TRY IT ▸ From the listing below, restate word for word the lines from the line containing "成本分析模式是通过分析持有现" down through the line containing "2026 내신대비 시간표". Exclude pictures.

AVAILABLE DATA ▸
Content starts

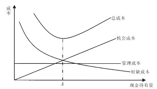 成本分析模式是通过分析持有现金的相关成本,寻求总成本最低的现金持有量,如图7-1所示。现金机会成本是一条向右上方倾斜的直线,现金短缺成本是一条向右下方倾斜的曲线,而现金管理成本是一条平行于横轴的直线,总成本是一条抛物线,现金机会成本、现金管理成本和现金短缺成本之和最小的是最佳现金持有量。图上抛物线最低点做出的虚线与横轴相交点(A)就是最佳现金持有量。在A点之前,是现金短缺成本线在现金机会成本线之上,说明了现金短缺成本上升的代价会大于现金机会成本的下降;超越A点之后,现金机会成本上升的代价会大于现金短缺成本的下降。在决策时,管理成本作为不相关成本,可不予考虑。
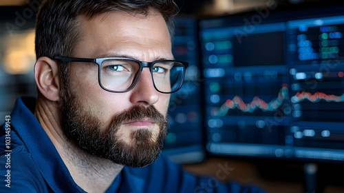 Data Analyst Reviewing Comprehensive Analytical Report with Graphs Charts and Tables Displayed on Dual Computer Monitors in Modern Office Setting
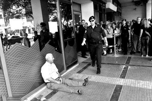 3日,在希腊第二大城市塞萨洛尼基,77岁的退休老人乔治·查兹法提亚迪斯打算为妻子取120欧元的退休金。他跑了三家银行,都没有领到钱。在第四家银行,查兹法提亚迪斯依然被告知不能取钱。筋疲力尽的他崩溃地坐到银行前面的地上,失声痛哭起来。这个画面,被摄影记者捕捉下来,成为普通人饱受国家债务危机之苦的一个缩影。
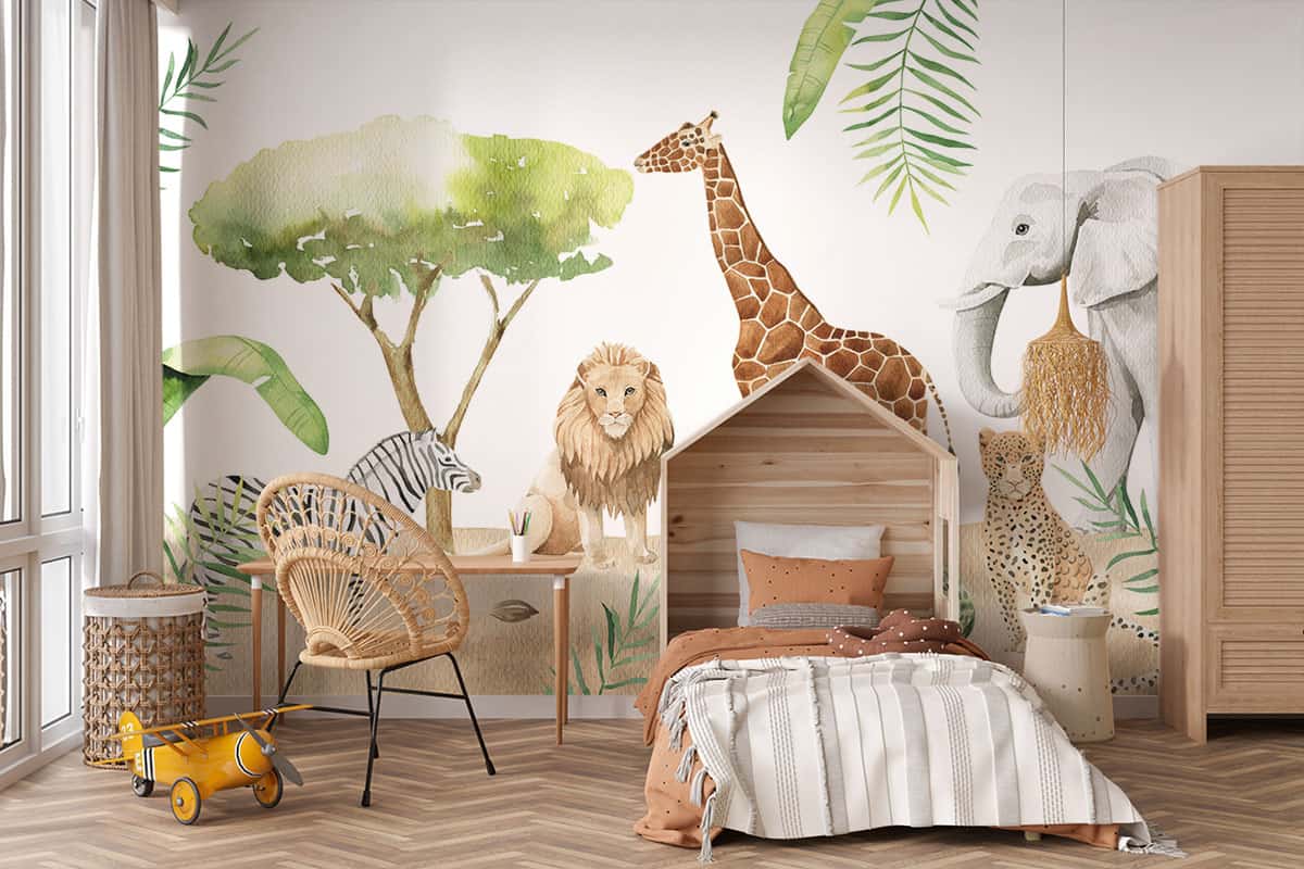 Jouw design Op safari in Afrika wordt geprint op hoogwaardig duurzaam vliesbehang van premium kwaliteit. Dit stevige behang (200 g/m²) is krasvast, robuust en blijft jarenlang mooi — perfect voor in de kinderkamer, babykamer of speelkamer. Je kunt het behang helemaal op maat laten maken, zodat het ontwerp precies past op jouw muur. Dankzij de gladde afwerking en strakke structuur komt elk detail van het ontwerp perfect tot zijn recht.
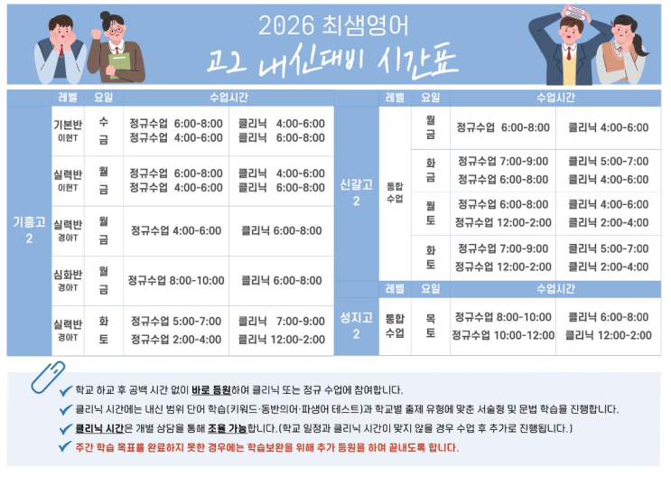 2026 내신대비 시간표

Content ends
Content starts

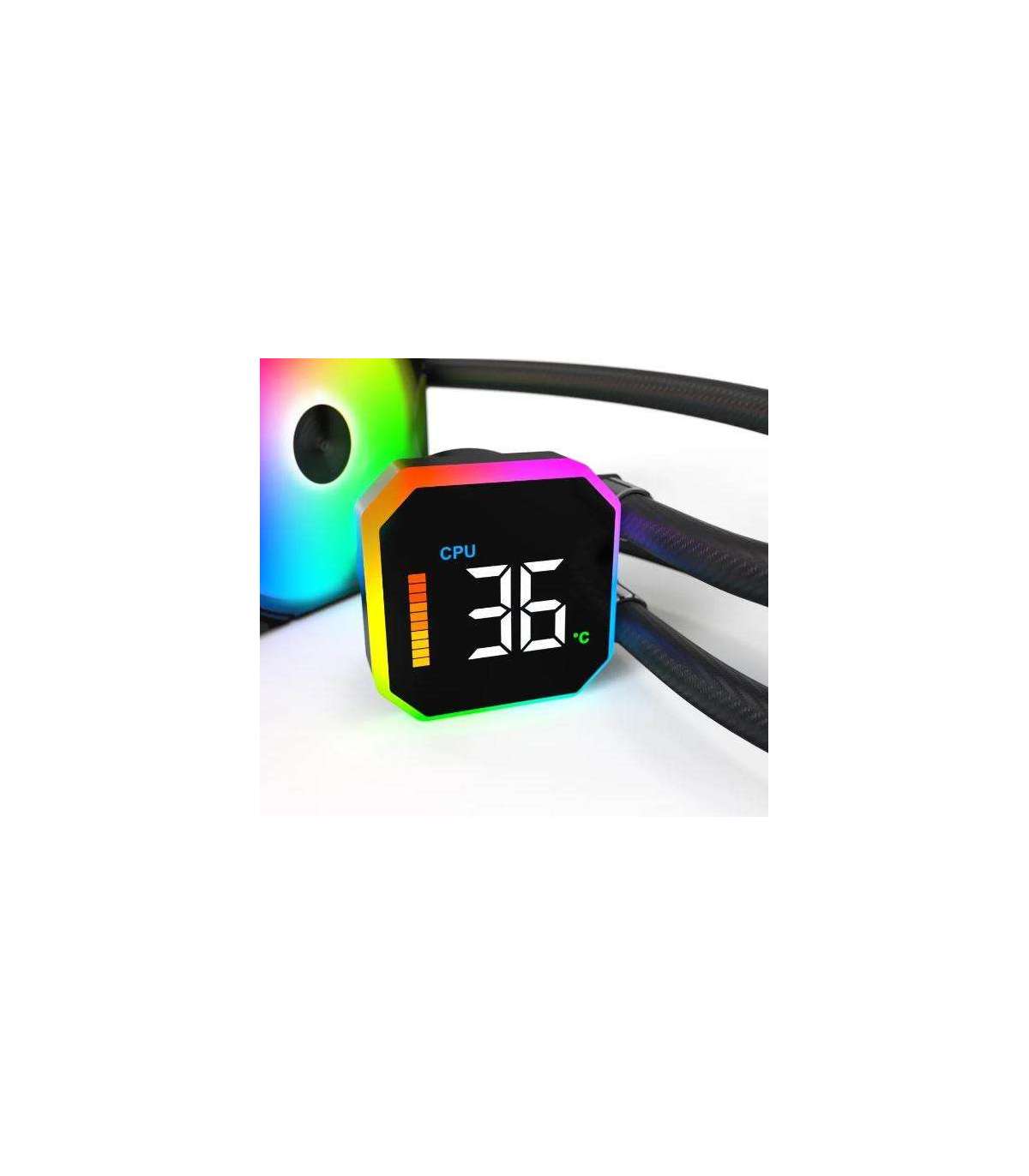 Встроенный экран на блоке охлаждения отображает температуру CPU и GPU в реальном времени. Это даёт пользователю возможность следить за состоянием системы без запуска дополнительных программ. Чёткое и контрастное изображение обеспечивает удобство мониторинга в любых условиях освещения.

Content ends

RESULT OF THE TASK ▸
 成本分析模式是通过分析持有现金的相关成本,寻求总成本最低的现金持有量,如图7-1所示。现金机会成本是一条向右上方倾斜的直线,现金短缺成本是一条向右下方倾斜的曲线,而现金管理成本是一条平行于横轴的直线,总成本是一条抛物线,现金机会成本、现金管理成本和现金短缺成本之和最小的是最佳现金持有量。图上抛物线最低点做出的虚线与横轴相交点(A)就是最佳现金持有量。在A点之前,是现金短缺成本线在现金机会成本线之上,说明了现金短缺成本上升的代价会大于现金机会成本的下降;超越A点之后,现金机会成本上升的代价会大于现金短缺成本的下降。在决策时,管理成本作为不相关成本,可不予考虑。
 Data Analyst Reviewing Comprehensive Analytical Report with Graphs Charts and Tables Displayed on Dual Computer Monitors in Modern Office Setting
 3日,在希腊第二大城市塞萨洛尼基,77岁的退休老人乔治·查兹法提亚迪斯打算为妻子取120欧元的退休金。他跑了三家银行,都没有领到钱。在第四家银行,查兹法提亚迪斯依然被告知不能取钱。筋疲力尽的他崩溃地坐到银行前面的地上,失声痛哭起来。这个画面,被摄影记者捕捉下来,成为普通人饱受国家债务危机之苦的一个缩影。
 Jouw design Op safari in Afrika wordt geprint op hoogwaardig duurzaam vliesbehang van premium kwaliteit. Dit stevige behang (200 g/m²) is krasvast, robuust en blijft jarenlang mooi — perfect voor in de kinderkamer, babykamer of speelkamer. Je kunt het behang helemaal op maat laten maken, zodat het ontwerp precies past op jouw muur. Dankzij de gladde afwerking en strakke structuur komt elk detail van het ontwerp perfect tot zijn recht.
 2026 내신대비 시간표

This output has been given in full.